### Records for the task
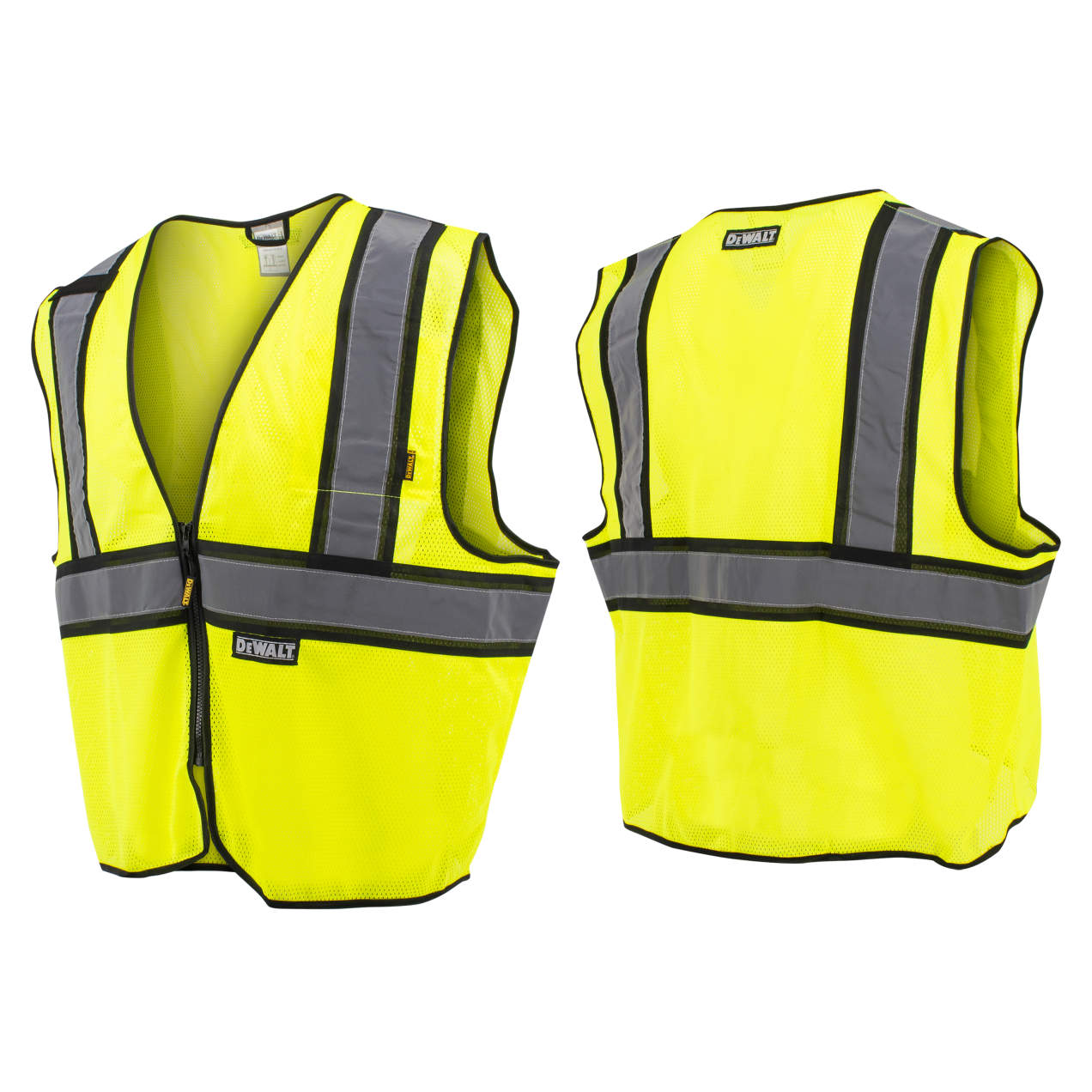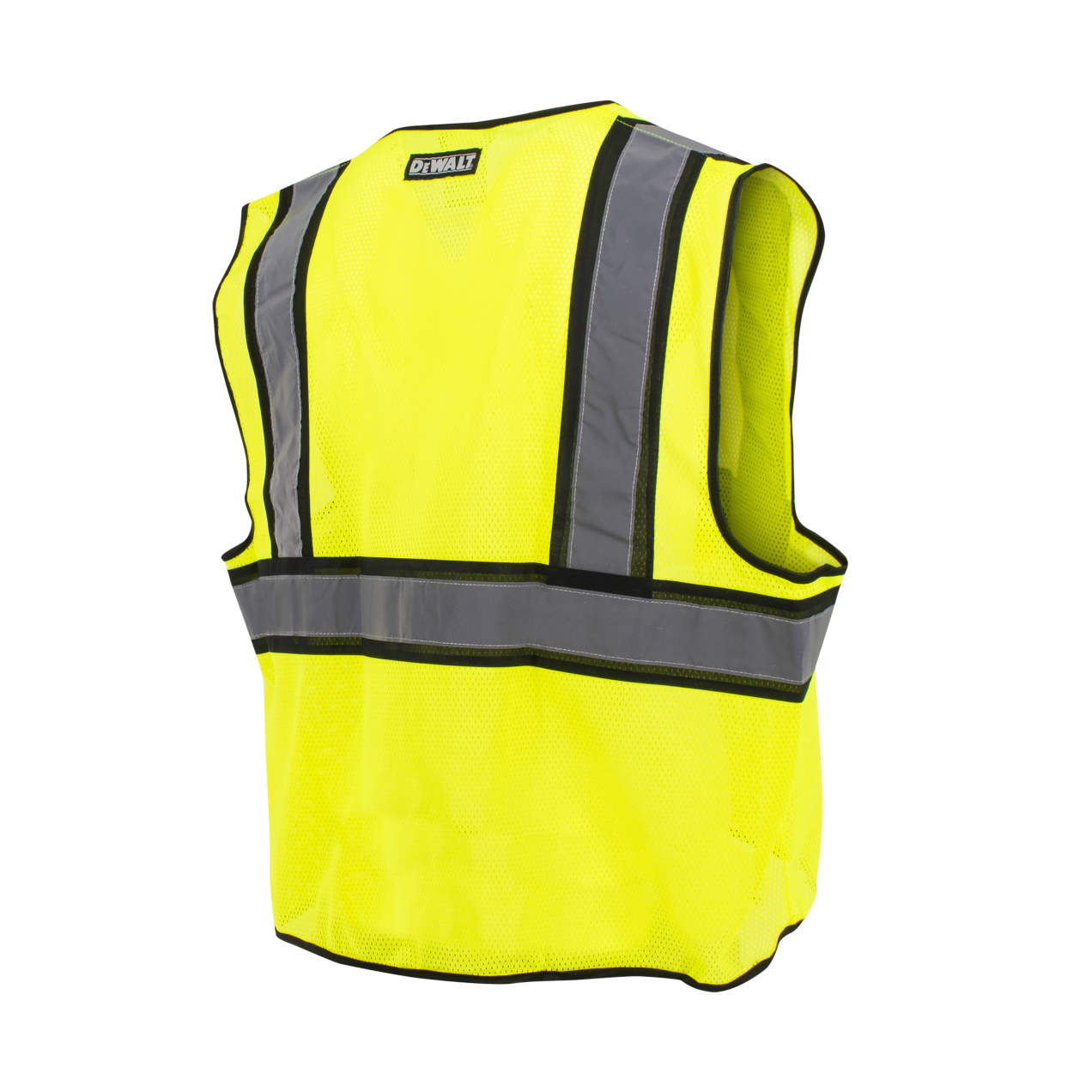 The DEWALT DSV221 Class 2 economy mesh vest with contrasting trim will help protect workers with a brand name they know and trust. The DSV221 is built with durable stitch reinforcement at major stress points providing Guaranteed Tough™ protection. The high visibility mesh material and the 2” sewn on reflective tape with contrasting trim helps provide visibility in both bright and low light conditions.
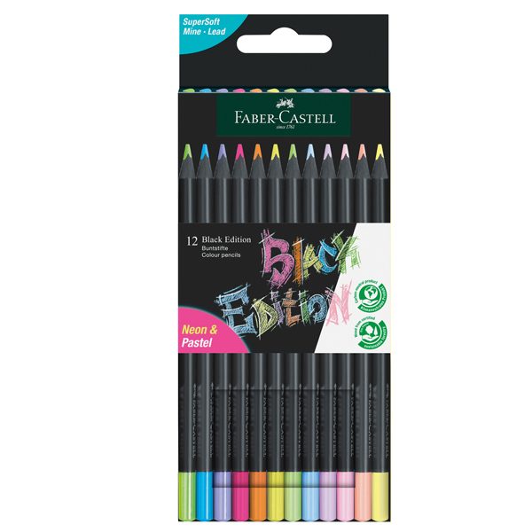 Matite triangolari Black Edition – pastel e neon – Faber-Castell – conf.12 pezzi
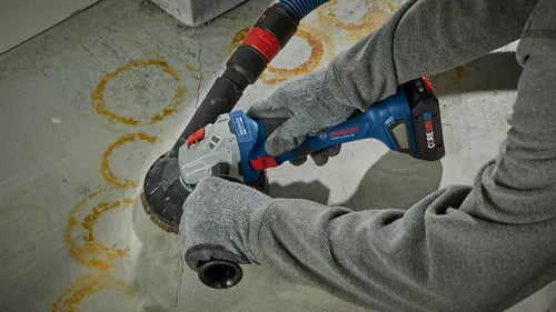 The Bosch GWS18V-8 is an ergonomic angle grinder that combines portability, performance and best user comfort. Its brushless motor provides comparable 8.0 amps of power and greater efficiency that maximizes runtime and productivity. This 4-1/2 In. 18V grinder has restart protection to help prevent accidental start-up when switching batteries and soft-start technology to reduce startup torque and ease into cuts, and overload protection to reduce the risk of the motor overloading or overheating. It is designed with spiral bevel gears that provide smooth transmission of power to grinding applications. It also features an adjustable tool-free guard and an updated gearhead mounting collar, which is now compatible with all Bosch metal and concrete guards. This tool features a two-position side handle, slim soft-grip design and spindle lock.
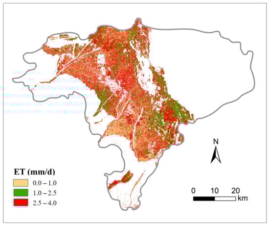 Evapotranspiration (ET) is a crucial component of surface energy balance and water balance, consisting of soil evaporation and vegetation transpiration. It returns 58–65% of terrestrial precipitation to the atmosphere and transports 51–58% of surface energy from land through latent heat transfer [1,2]. Simultaneously, ET is regarded as the most important aspect of agricultural water allocation, with more accurate parameter values leading to more optimized farmland water strategies [3]. Traditional ET, primarily based on observations at stations, is obtained through point-scale field measurements, making it difficult to acquire regional-scale ET. However, remote sensing technology, with its wide coverage, periodicity, and timeliness, can effectively obtain large-scale ET [4]. Remote sensing-based ET estimation methods overcome the limitation of point observation. By using satellite sensors with high spatial and temporal resolution to obtain surface reflectance and combining it with multispectral, hyperspectral, and thermal infrared sensors on unmanned aerial vehicle platforms, the accuracy of the ET estimation model can be effectively improved at the regional level. For instance, the three-temperature model (3T model) proposed by Qiu et al. [5,6] can effectively estimate ET and its components. The model requires fewer input parameters, which can be obtained through remote sensing inversion or meteorological stations. This model has been successfully applied for the quantitative characterization of ET at various scales in the northwest arid zone [7,8,9].
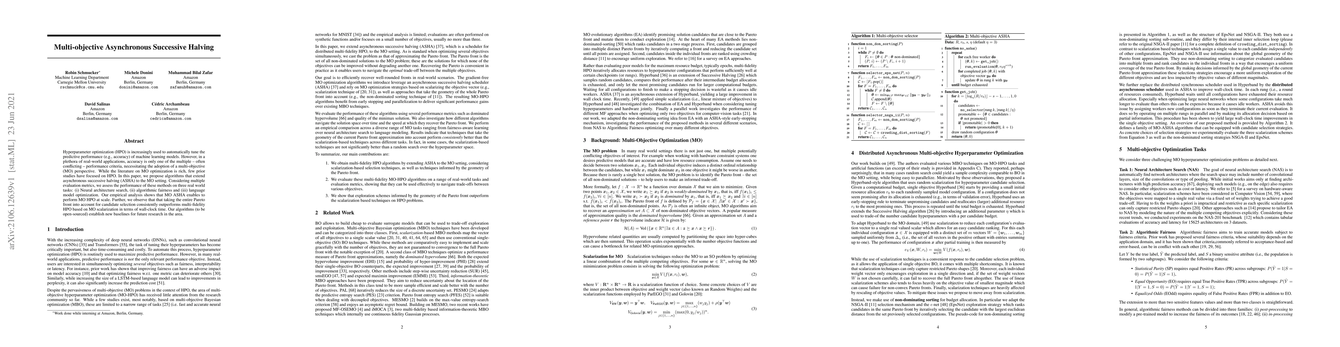 This paper proposes multi-objective asynchronous successive halving (MO ASHA) algorithms for hyperparameter optimization, addressing the challenge of optimizing multiple conflicting performance criteria. The proposed methods are evaluated on three real-world tasks, demonstrating their effectiveness and scalability in multi-objective hyperparameter optimization.
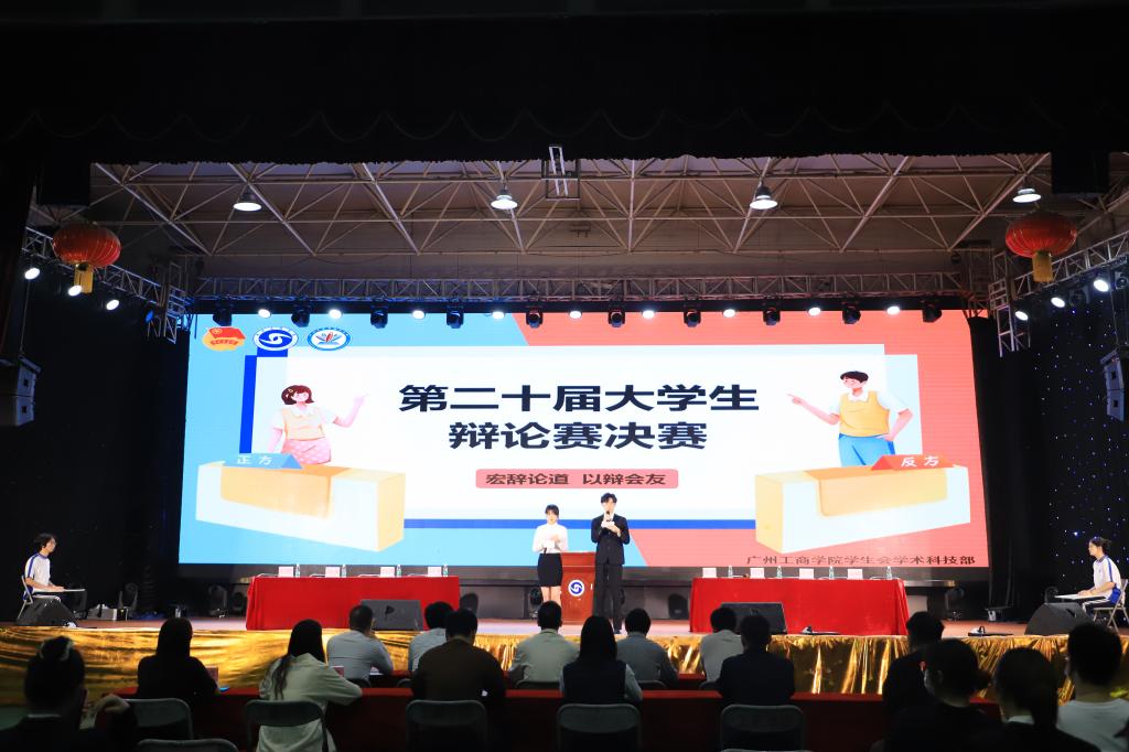 【本网讯】为丰富大学生校园文化生活,锻炼大学生的思辨能力,展现广工商学子青春风采,3月23日晚,学校第二十届大学生辩论赛决赛在花都校区体育馆举行。评委由校团委、马克思主义学院、通识教育学院教师代表担任。校团委全体老师、花都校区各二级学院团委书记以及学生代表观看比赛。
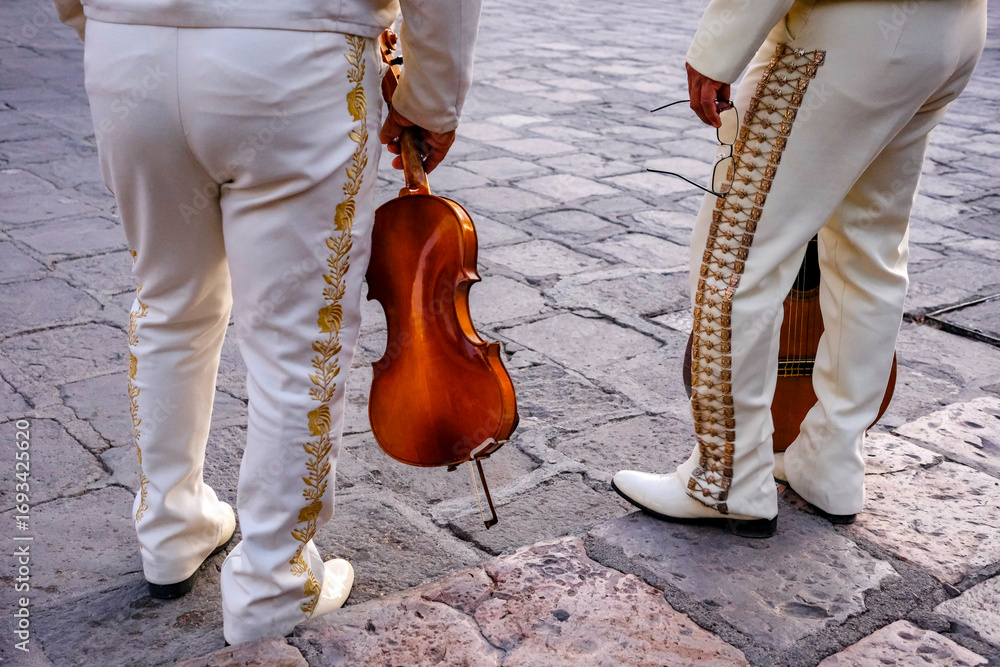 San Miguel de Allende, Mexico - February 8, 2025: Detail of a mariachi musicians with a violin in San Miguel de Allende, Guanajuato, Mexico. #1693425620
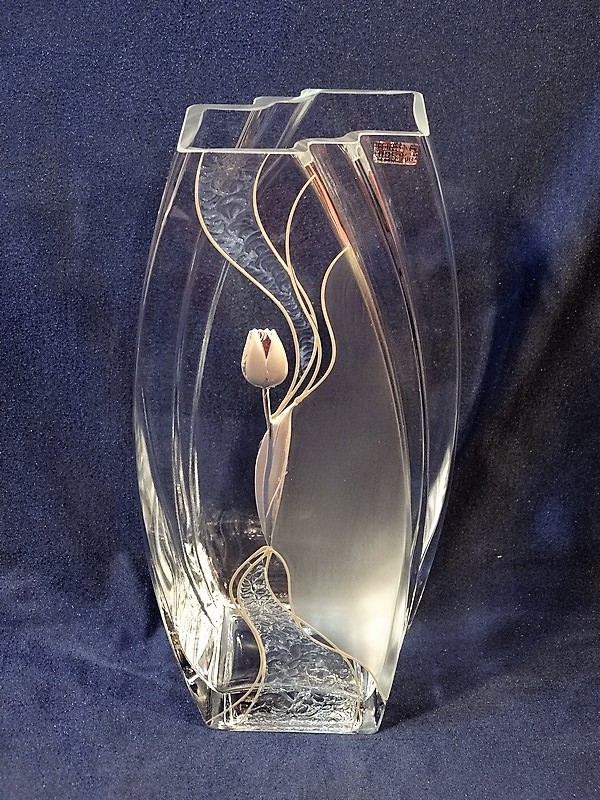 Wazon zdobiony jest umieszczonym centralnie efektownym małym tulipanem, który wygląda jak zatopiony i malowany na szkle.
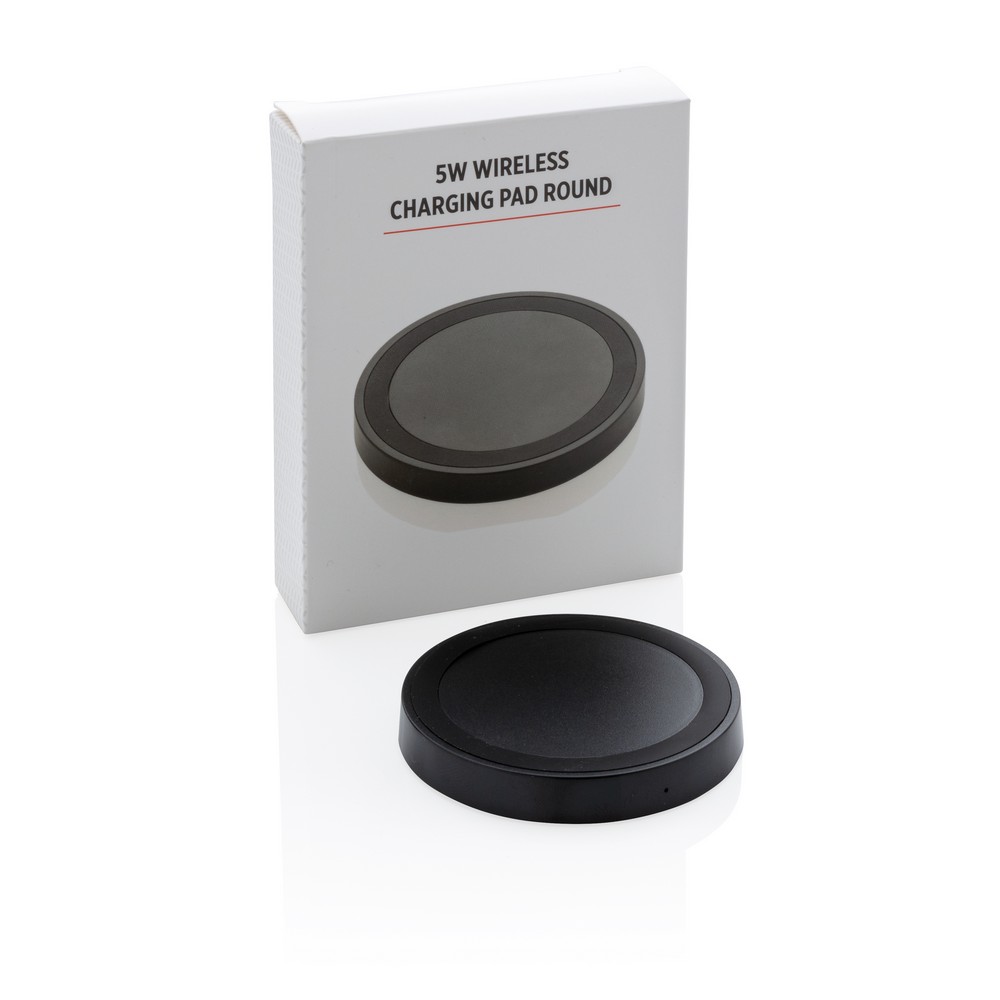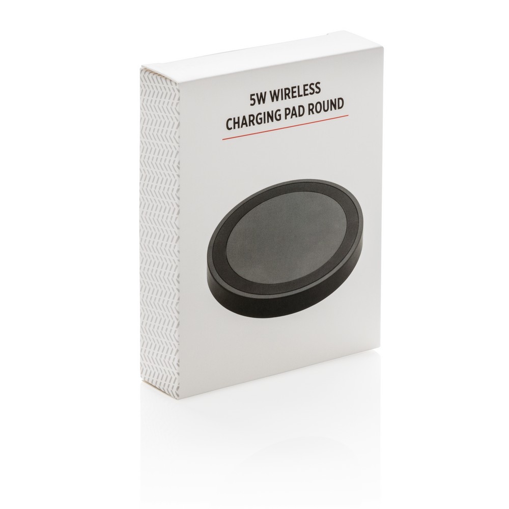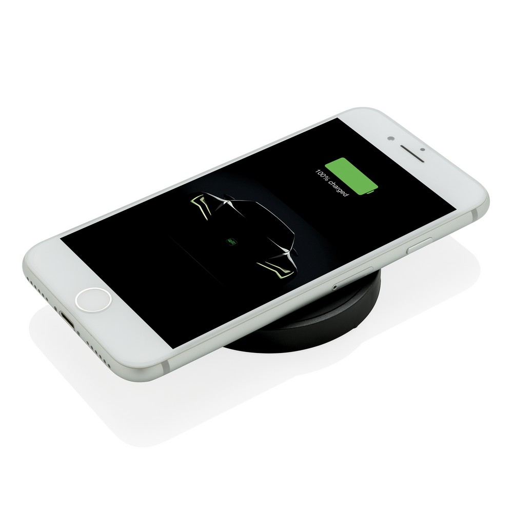 Ładowarka bezprzewodowa 5W z diodą zapalającą się podczas ładowania, silikonowy pierścień zapobiega zsuwaniu się telefonu, bezprzewodowe ładowanie jest kompatybilne ze wszystkimi urządzeniami posiadającymi możliwość ładowania indukcyjnego, wejście 5V/1.5A, wyjście bezprzewodowe 5V/1A 5W, ślad węglowy produktu: 0,78 kg CO2

### The problem
Give every record again exactly, apart from the pictures, which stay out.

### Result of this task
 The DEWALT DSV221 Class 2 economy mesh vest with contrasting trim will help protect workers with a brand name they know and trust. The DSV221 is built with durable stitch reinforcement at major stress points providing Guaranteed Tough™ protection. The high visibility mesh material and the 2” sewn on reflective tape with contrasting trim helps provide visibility in both bright and low light conditions.
 Matite triangolari Black Edition – pastel e neon – Faber-Castell – conf.12 pezzi
 The Bosch GWS18V-8 is an ergonomic angle grinder that combines portability, performance and best user comfort. Its brushless motor provides comparable 8.0 amps of power and greater efficiency that maximizes runtime and productivity. This 4-1/2 In. 18V grinder has restart protection to help prevent accidental start-up when switching batteries and soft-start technology to reduce startup torque and ease into cuts, and overload protection to reduce the risk of the motor overloading or overheating. It is designed with spiral bevel gears that provide smooth transmission of power to grinding applications. It also features an adjustable tool-free guard and an updated gearhead mounting collar, which is now compatible with all Bosch metal and concrete guards. This tool features a two-position side handle, slim soft-grip design and spindle lock.
 Evapotranspiration (ET) is a crucial component of surface energy balance and water balance, consisting of soil evaporation and vegetation transpiration. It returns 58–65% of terrestrial precipitation to the atmosphere and transports 51–58% of surface energy from land through latent heat transfer [1,2]. Simultaneously, ET is regarded as the most important aspect of agricultural water allocation, with more accurate parameter values leading to more optimized farmland water strategies [3]. Traditional ET, primarily based on observations at stations, is obtained through point-scale field measurements, making it difficult to acquire regional-scale ET. However, remote sensing technology, with its wide coverage, periodicity, and timeliness, can effectively obtain large-scale ET [4]. Remote sensing-based ET estimation methods overcome the limitation of point observation. By using satellite sensors with high spatial and temporal resolution to obtain surface reflectance and combining it with multispectral, hyperspectral, and thermal infrared sensors on unmanned aerial vehicle platforms, the accuracy of the ET estimation model can be effectively improved at the regional level. For instance, the three-temperature model (3T model) proposed by Qiu et al. [5,6] can effectively estimate ET and its components. The model requires fewer input parameters, which can be obtained through remote sensing inversion or meteorological stations. This model has been successfully applied for the quantitative characterization of ET at various scales in the northwest arid zone [7,8,9].
 This paper proposes multi-objective asynchronous successive halving (MO ASHA) algorithms for hyperparameter optimization, addressing the challenge of optimizing multiple conflicting performance criteria. The proposed methods are evaluated on three real-world tasks, demonstrating their effectiveness and scalability in multi-objective hyperparameter optimization.
 【本网讯】为丰富大学生校园文化生活,锻炼大学生的思辨能力,展现广工商学子青春风采,3月23日晚,学校第二十届大学生辩论赛决赛在花都校区体育馆举行。评委由校团委、马克思主义学院、通识教育学院教师代表担任。校团委全体老师、花都校区各二级学院团委书记以及学生代表观看比赛。
 San Miguel de Allende, Mexico - February 8, 2025: Detail of a mariachi musicians with a violin in San Miguel de Allende, Guanajuato, Mexico. #1693425620
 Wazon zdobiony jest umieszczonym centralnie efektownym małym tulipanem, który wygląda jak zatopiony i malowany na szkle.
 Ładowarka bezprzewodowa 5W z diodą zapalającą się podczas ładowania, silikonowy pierścień zapobiega zsuwaniu się telefonu, bezprzewodowe ładowanie jest kompatybilne ze wszystkimi urządzeniami posiadającymi możliwość ładowania indukcyjnego, wejście 5V/1.5A, wyjście bezprzewodowe 5V/1A 5W, ślad węglowy produktu: 0,78 kg CO2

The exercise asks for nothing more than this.